M. Marzouki sera investi aujourd’hui, après une prestation de serment au Palais présidentiel de Carthage. Il est réputé pour son intransigeance et ses talents de tribun, mais reste critiqué pour son alliance avec les islamistes d’Ennahda qui formeront le gouvernement.

Au fil des ans, il s’est peu à peu écarté de ses compagnons de route, défenseurs des droits de l’homme et autres opposants de gauche, qui lui reprochent de ne pas s’opposer frontalement aux islamistes.

Si son positionnement à gauche n’a jamais varié, il s’est en revanche rapproché d’Ennahda, notamment sur la question de l’identité arabo-musulmane, qu’il a brandie haut et fort pendant la campagne pour les élections.

Quelques mois avant le scrutin, il fustigeait «la vieille gauche laïcarde et francophone, totalement déconnectée des vrais problèmes de la société tunisienne»,lors d’un entretien avec l’AFP.

Et au lendemain des élections, il réfutait les critique sde ceux qui l’accusaient d’avoir «pactisé avec le diable» pour obtenir un fauteuil présidentiel :«Non non non, Ennahda n’est pas le diable (…).
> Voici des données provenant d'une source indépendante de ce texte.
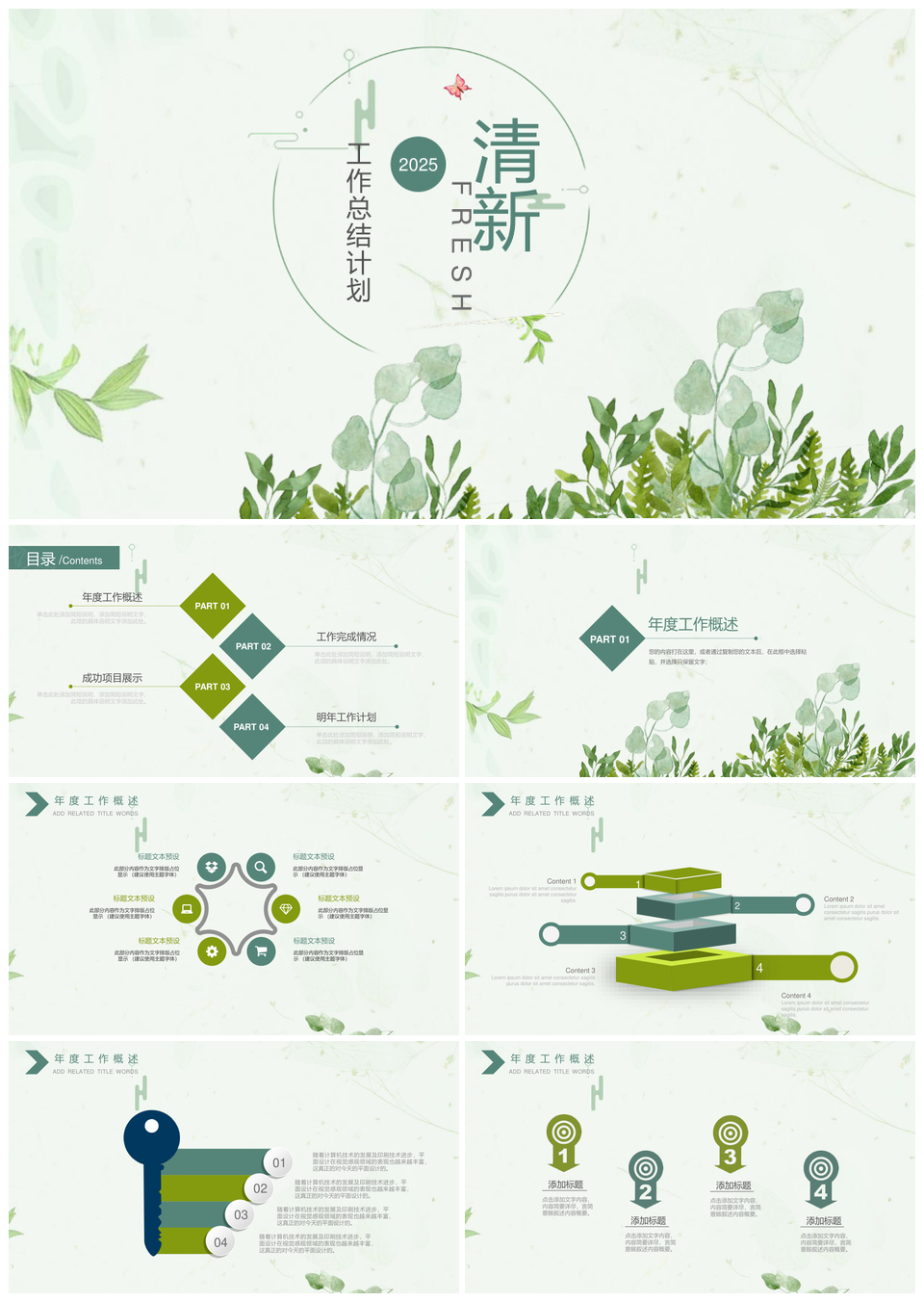 2025工作汇报绿色清新淡雅工作总结计划汇报PPT模板
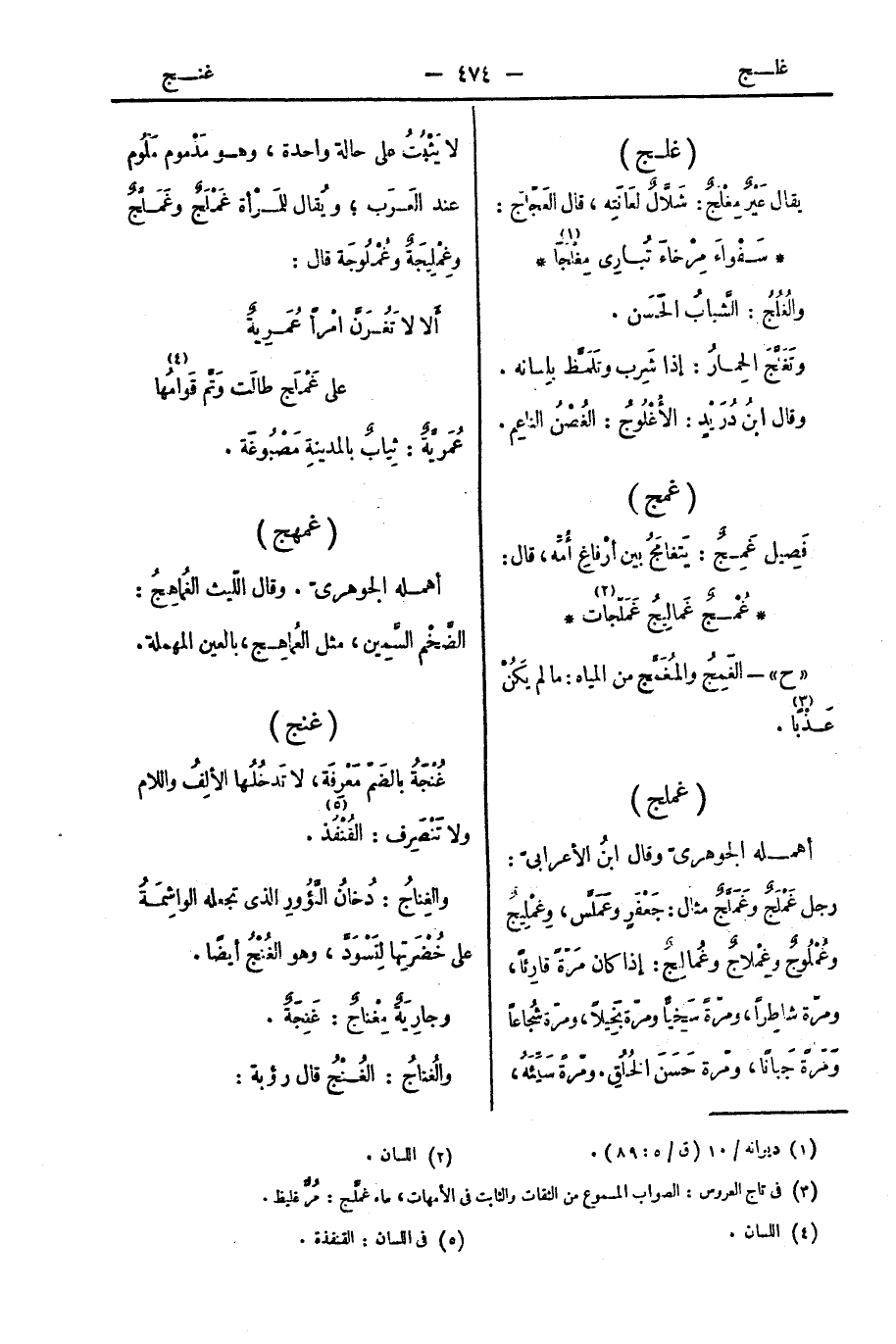 أهمله الجوهريّ وقال ابنُ الأعرابيّ: رجل غَمْلَجٌ وغَمَلَّجٌ، مثال جَعْفَرٍ وعَمَلَّس، وغِمْلِيجٌ وغُمْلُوجٌ وغِمْلاجٌ وغُمالِجٌ: إذا كان مَرّةً قارِئًا ومرّةً شاطِرًا، ومرّةً سَخِيًّفا ومرّةً بَخِيلًا، ومرّةً شُجاعًا ومَرّةً جَبانًا، ومرّةً حَسَنَ الخُلُقِ ومرّةً سَيِّئَهُ، لا يَثْبُتُ على حالة واحدة، وهو مَذْموم مَلُوم عند العَرَب؛ ويُقال للمَرْأة غَمْلَجٌ وغَمَلّجٌ وغِمْلِيجَةٌ وغُمْلُوجَة، قال:

Il ne faut pas les prendre pour les talibans de la Tunisie , c’est quand même une fraction modérée de l’islamisme»,tout en soulignant qu’il y avait «des lignes rouges» sur lesquelles il ne transigerait pas :«Les libertés publiques, les droits de l’homme, les droits de la femme, de l’enfant.» Divorcé de sa femme française, M. Marzouki est père de deux enfants. Il a publié une quinzaine de livres, certains en français. Parmi eux figure Dictateurs en sursis. Une voie démocratique pour le Monde arabe, écrit avec le sociologue français Vincent Geisser et publié en 2009.